By the Sword: 3

In Uncategorized on November 9, 2010 at 1:31 pm

Photograph of Die Altstadt (Old Town), Hattingen, Germany.

These garments covered me in New Hampshire, in New York, at M.I.T., and all through Vermont. Most sensationally, I wore them in Louisville Kentucky, where I fenced my first Junior Olympics. How many men had I stared down through that grille? One Bostonian I knocked to the floor with a chest-bump. Twice I snapped a foil in half on another man’s sternum, just as weapons had been broken on mine.

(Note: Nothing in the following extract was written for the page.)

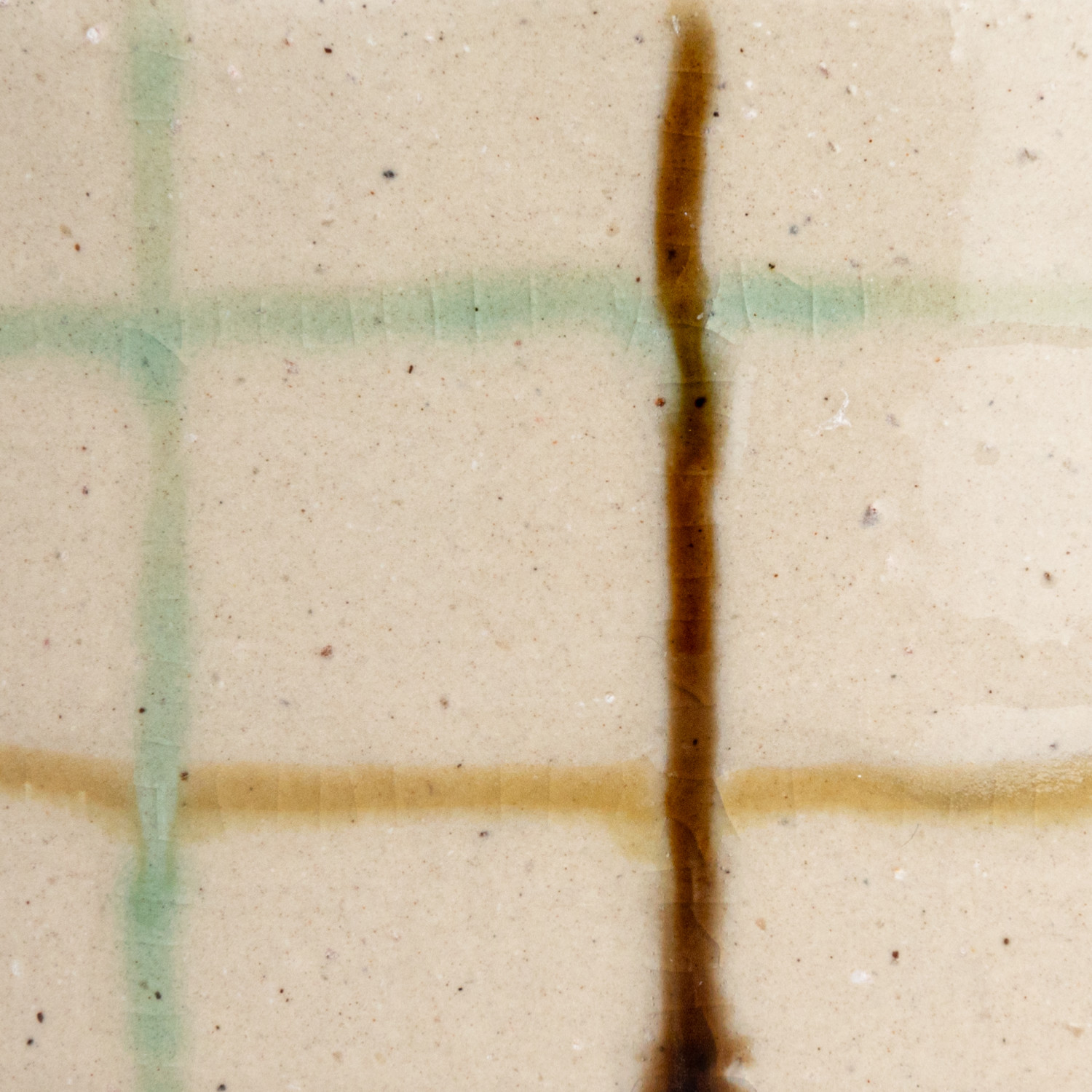 Catalog Name: 5-1/4" Round x 3-1/2"H Hand-Painted Stoneware Dish w/ Grid Pattern & Lid, Reactive Crackle Glaze, Multi Color (Each One Will Vary)
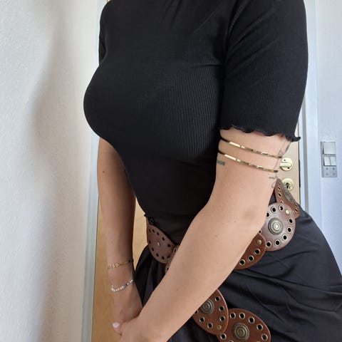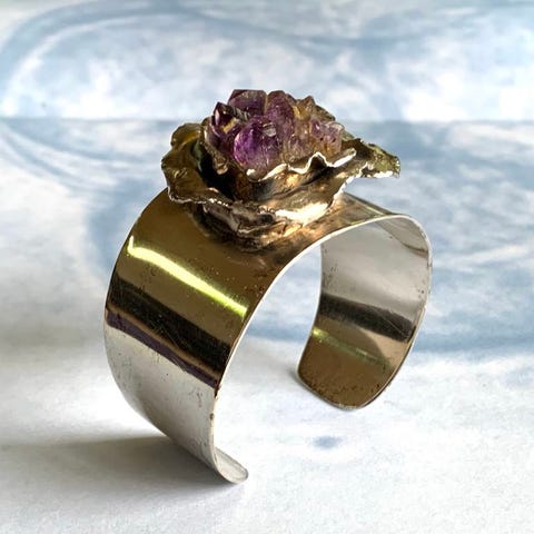 Smuk armring til håndleddet. Stemplet KK s925/18k. Ringen rundt ravet er 18k guld. Indvendig mål 55-57 mm. Trådtykkelse 3-4 mm.

Ky followed me to the curb. She watched me dump the bag into a row of broken hutches and plump Hefty bags.

“You okay?”

“Yeah,” I said.

As I stared at that bag, the one I’d dragged onto team vans and into strange farmhouses and through scores of gymnasia, I kept reminding myself why I’d stopped. There was a threshold I failed to cross. I was a very skilled fencer – disciplined, supernaturally balanced, fast as a viper. But the Junior Olympics weren’t the Olympics, and when I saw the truly great fencers, I knew I’d never rival them. Among A-rated foil-fencers, ranked as the best in the nation, I was defenseless. The judge yelled, “Fence!”, and within seconds I could feel a burn in the small of my back. My opponent hardly seemed to move; he was only a streak of white, a glint of stainless steel, and his blade arced over my shoulder, bent into a U, and jabbed me from behind. The movement defied physics, comprehension. The reality of the fencing strip was exaggerated, so that men hardly needed to move in order to score. Among them, I was defeated before I began.

But I shook the thought away. Not everything must end.

I unzipped the bag and drew my foils and epées. I threw them over my shoulder, letting them bounce as I ambled back to our front door. A swordsman can leave his vestments, but not the tools of his glory. I slid them beneath the staircase, knowing the blades themselves would continue to journey with me, wherever I lived, no matter whether I flashed them again.